Javier Hernandez explique ce que c’était que de travailler avec Sir Alex Ferguson – Man United News And Transfer News

Le favori des fans de Manchester United, Javier Hernandez, a parlé de son admiration pour l’ancien patron Sir Alex Ferguson.

L’attaquant mexicain a connu cinq années solides à Old Trafford, marquant 59 buts en 157 matchs tout en remportant deux titres de Premier League et un Community Shield.

Avec 50 de ses buts à United sous la tutelle de l’Écossais, le finaliste de la Ligue des champions 2011 est parti après être tombé en disgrâce avec David Moyes puis Louis Van Gaal.

Le joueur de 33 ans exerce désormais son métier pour LA Galaxy après avoir profité de sorts avec Bayer Leverkusen, West Ham et Séville depuis son départ de Manchester.

Hernandez a dit ceci en apparaissant en tant qu’invité sur le podcast UTD :

«La façon dont il s’est présenté et la façon dont il vous a traité comme un humain. La façon dont il a traité ma famille, pour moi, c’était comme, ouais, je vais me tuer pour ce manager à l’intérieur du terrain, c’est sûr. Avec certitude! »

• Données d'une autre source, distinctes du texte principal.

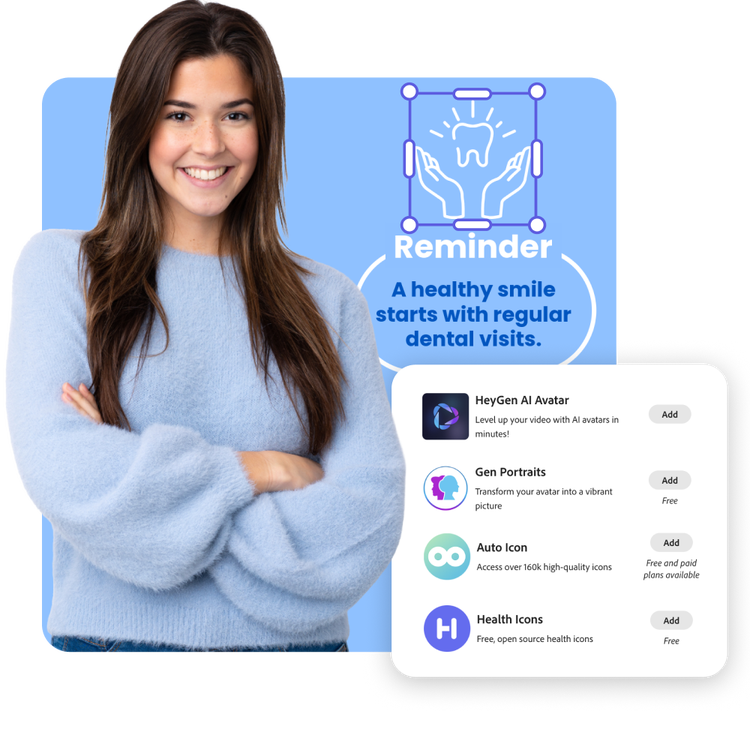 Easily install clipart related add-ons your Adobe Express editor. In the Icons Add-ons you’ll find programs that generate clipart with the use of AI, a custom avatar creator, and clipart icon add-ons specific to different professional fields like healthcare.
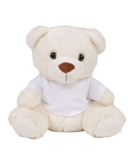 Bear in a t-shirt - plush cream and mid brown coloured bears dressed in a removable white cotton T-shirt. Ideal for decoration. Remove all hang tags and their fasteners before giving these items to a child. Suitable for all ages 0+. Complies with EN71 European Toy Safety Regulations.
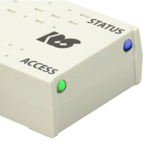 従来品のLEDは本体天面にあり、ポートの向きによっては見えませんでした。本製品ではコネクタの反対側にLEDを配置することで、どの向きに挿してもデータ送受信を確認できるようになりました。
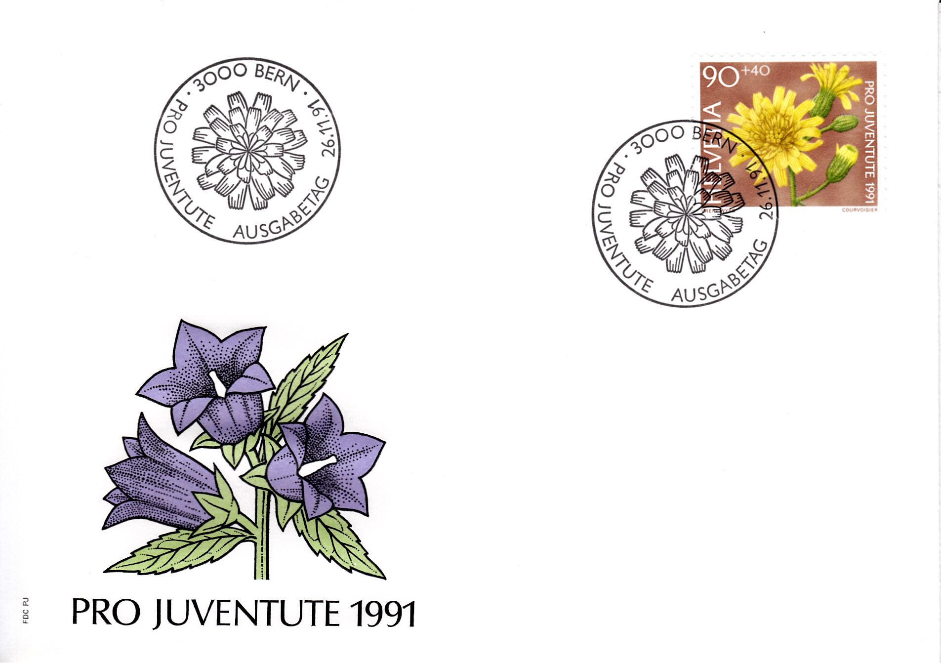 Auf diesem FDC finden wir den kompletten Satz Pro Juventute 1991.

« S’il traite ma famille de cette façon, mec, je vomirai après chaque match si cela l’aide à réussir dans les matchs et les championnats. C’était un homme incroyable. C’est dur à croire. »

Mais tout n’était pas simple pour ‘Chicharito’, surtout face à l’accent glaswegien épais du patron :

« L’entraîneur Sir Alex Ferguson est venu, et ce fut l’un des appels les plus compliqués. »

« Son accent écossais, mec… et à ce moment-là, je n’étais pas au courant de cette langue, donc c’était si compliqué à comprendre, donc vous pouviez me voir appuyer sur le téléphone. »

« Il faut imaginer ; il parlait de Manchester, et j’étais à Guadalajara. C’était la première fois que nous nous parlions, imaginez la connexion aussi, donc je n’ai jamais été aussi concentré de ma vie sur un appel téléphonique.

L’international mexicain a également récemment parlé de ses problèmes de santé mentale après une année difficile en dehors du terrain qui l’a vu perdre son grand-père.

Mais maintenant, apparemment dans un meilleur endroit et de retour à faire ce qu’il fait le mieux, marquer des buts, les choses vont mieux pour «petit pois».